En verder ben ik van mening dat als er in het verleden fouten zijn gemaakt, mensen een nieuwe kans moeten krijgen om weer aan het maatschappelijk verkeer deel te nemen.

Ik vernam de afgelopen weken dat de verkoper en de makelaar hadden besloten de koopovereenkomst te willen ontbinden naar aanleiding van de negatieve publicaties over U op sociale media. Zij hebben mij dit laten weten en afgelopen maandagavond heb ik met verkoper en dochter en de makelaar, dus met zijn vieren hier een bespreking over gehad.

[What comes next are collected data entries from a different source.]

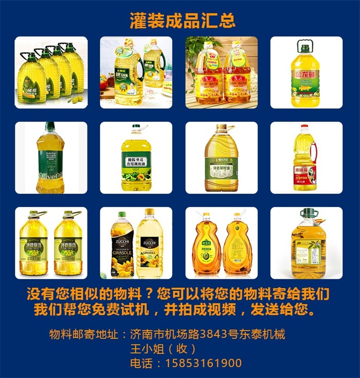 油類的選用是現(xiàn)在人們生活態(tài)度離不開的一種生活態(tài)度,即將來臨寒季油類的的使用將迎來了加強(qiáng)期,市場前景大幅度加強(qiáng),一款食用油灌裝機(jī)的選用會給我們不一樣的新高度。合理的機(jī)器設(shè)備會給廠家提供截然不同的變化的,生產(chǎn)能力的加強(qiáng),加強(qiáng)競爭優(yōu)勢等等自動式十二頭食用油灌裝機(jī)設(shè)備,該型號灌裝機(jī)選用流量計(jì)式計(jì)量灌裝原理,可用于各種規(guī)(1-5升)的南瓜籽油、榛子油、牡丹籽油、芝麻油、山茶油、亞麻籽油、棉籽油、橄欖油、大豆油、玉米油、菜籽油等食用油灌裝,一機(jī)多用,滿足了不同時期的行業(yè)對各種食用油的需求,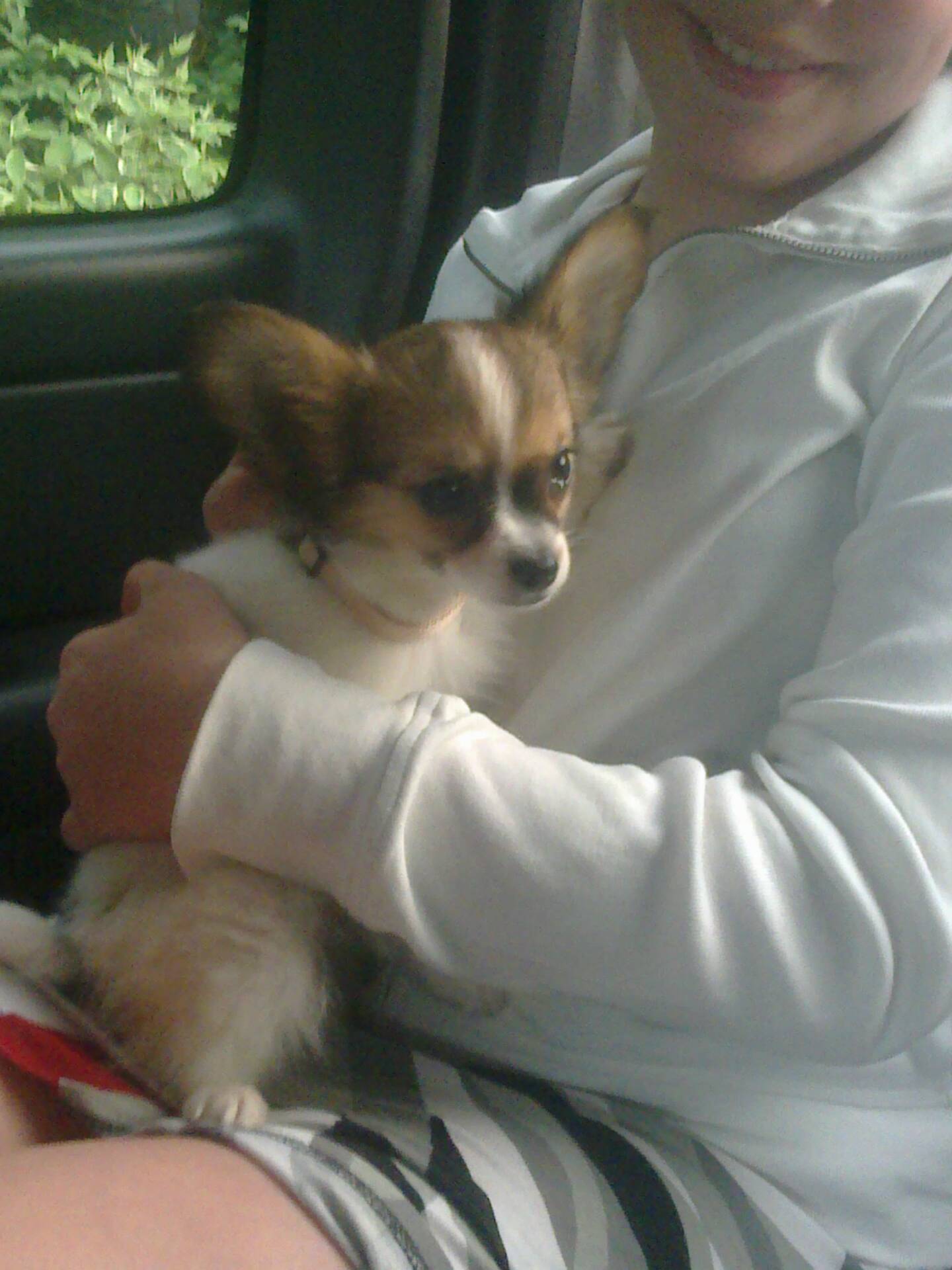 W tej chwili ma 10 tygodni. Urosnie jeszcze, bedzie troche wieksza niz chiuhuahua. Jest slodka i bardzo spokojna. Dzisiaj nawet zalatwila sie na spacerze ;) Ale jeszcze nie reaguje na swoje imie...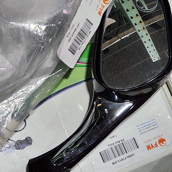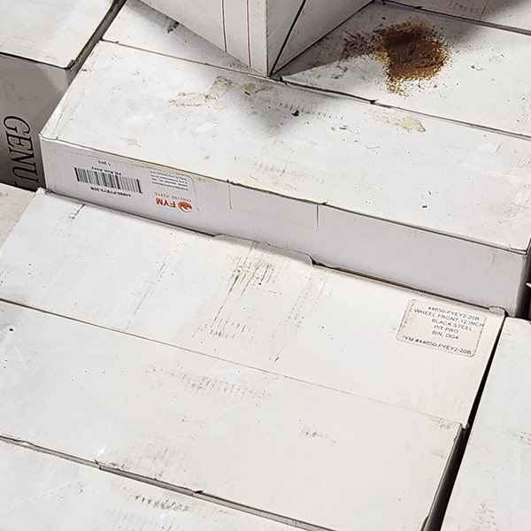 Additional items include loose parts which are included on top of the load. Additional parts include mirrors, wheels and tires not in boxes. These parts appear to be both new and used.

Voorafgaande daaraan heb ik nogmaals de vertrouwensnotaris telefonisch gesproken, die mij wederom in het kader van mijn verplichtingen als poortwachter wees op de punten die mijn medewerkster in haar schrijven aan U vroeg.

De verkoper vertelde maandagavond dat hij een brief van uw advocaat ontvangen heeft, waarop ik hem adviseerde een advocaat te nemen, aangezien hij aangaf dit nog nooit bij de hand te hebben gehad. Ook de makelaar gaf aan niet eerder met dit bijltje te hebben gehakt.

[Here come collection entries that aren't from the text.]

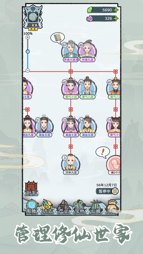 这是一款在修仙世界中管理经营某世家的模拟游戏,上至家族的发展方向,下至日常琐事,都跟你的操作相关......同时整个修仙世家的发展进程也充满了开放性和随机性,比如你可以偏袒家族内喜欢的成员给予其最好的修炼资源和功法支持,比如你可以让家族成员主经商弱修炼,又比如你可以插手干预家族内成员的姻缘等等,当然如果你是佛系选手那也可以当甩手掌柜。除此之外,像家族功法的获取和传承,像宝物神器的奖惩分配,像仙峰资源的修炼名额,像家族产业的拓展管理,又像家族成员的历练成长等诸多事宜都将与你息息相关。加油!相信在发...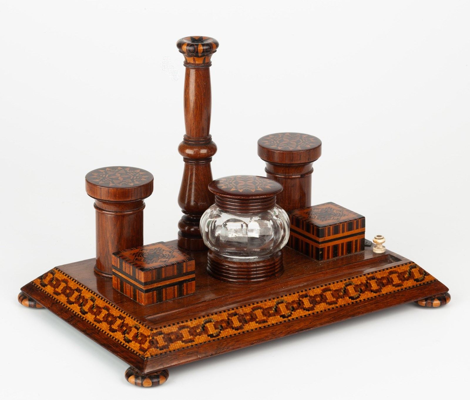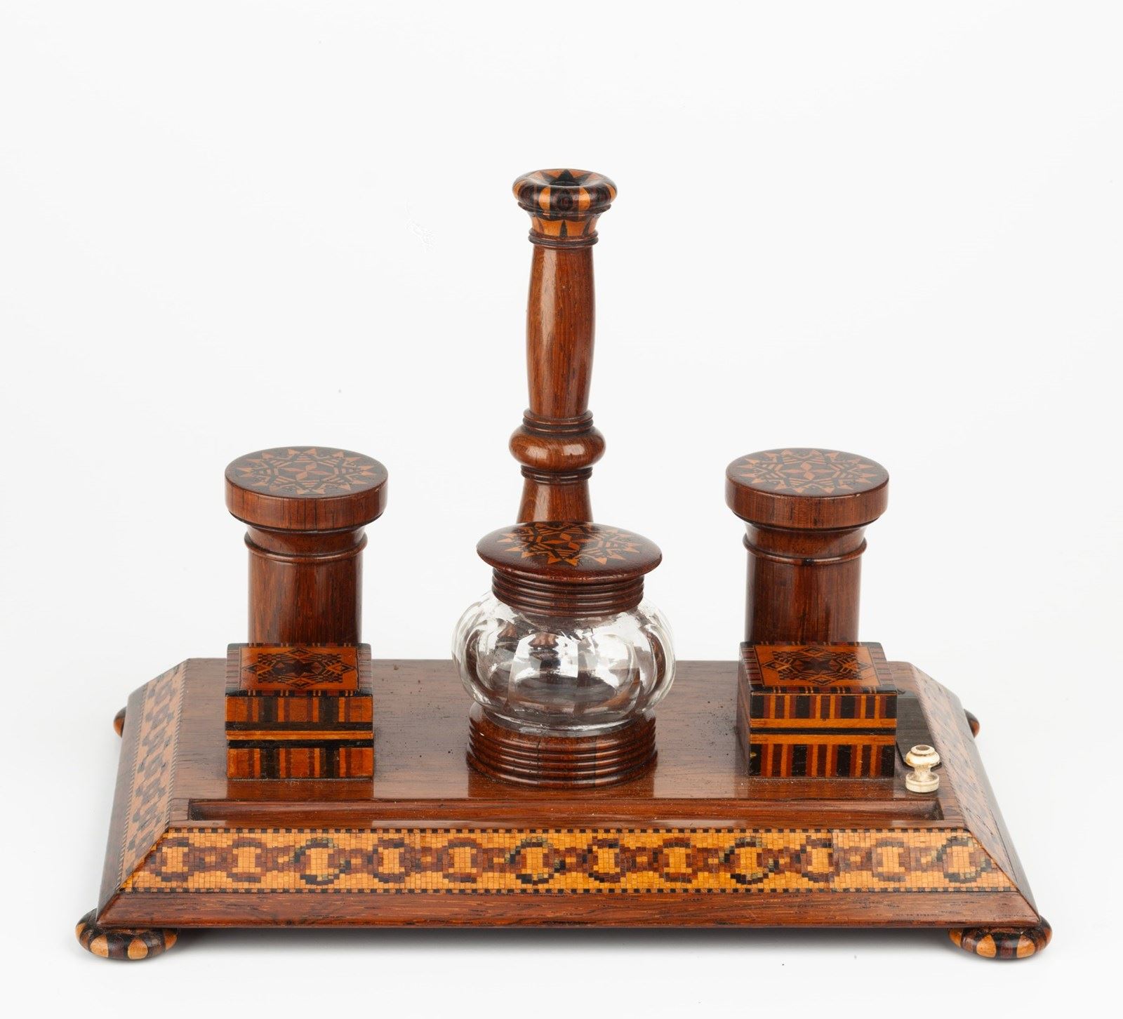 Tunbridgeware Desk Inkstand, manufactured by T. Barton, Late Nye in around 1860.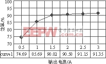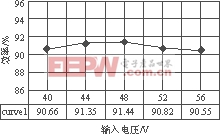 图9给出了变换器效率曲线。图9(a)为输入电压一定,负载电流不同时的变换效率曲线,可以看出,满载时效率最高,为91.35%。图9(b)为负载电流一定,输入电压不同时的变换效率曲线,可以看到,效率随输入电压变化而变化的范围很小。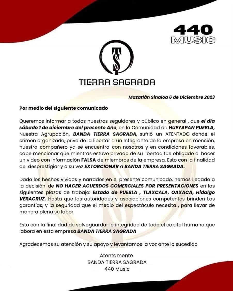 El pasado viernes 1 de diciembre, en el municipio de Hueyapan, se llevó a cabo un baile de feria, en honor a San Andrés Apóstol. En este evento estaría presente la Banda Tierra Sagrada; sin embargo al término de su presentación fueron víctimas de la delincuencia organizada, según explica en un vídeo publicado a través de sus redes sociales, en el que indica que entre los límites de Puebla y Veracruz, donde fue privado de la libertad un integrante de esta banda.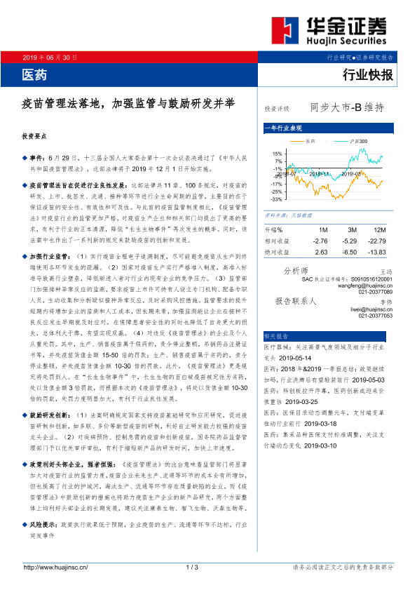 【华金证券】【20190630】疫苗管理法落地,加强监管与鼓励研发并举-3页

Zoals ik hiervoor al aangaf heb ik vandaag telefonisch met de heer van Gorcom gesproken. Deze vertelde me dat U op het park geweest was en de verkoper gesproken had. Dit gesprek is alle vriendelijkheid gevoerd, vertelde de heer van Gorcom, die me echter ook vertelde dat [één van de vennoten van de VOF] had gezegd dat ik hem had gezegd van de verkoop af te zien.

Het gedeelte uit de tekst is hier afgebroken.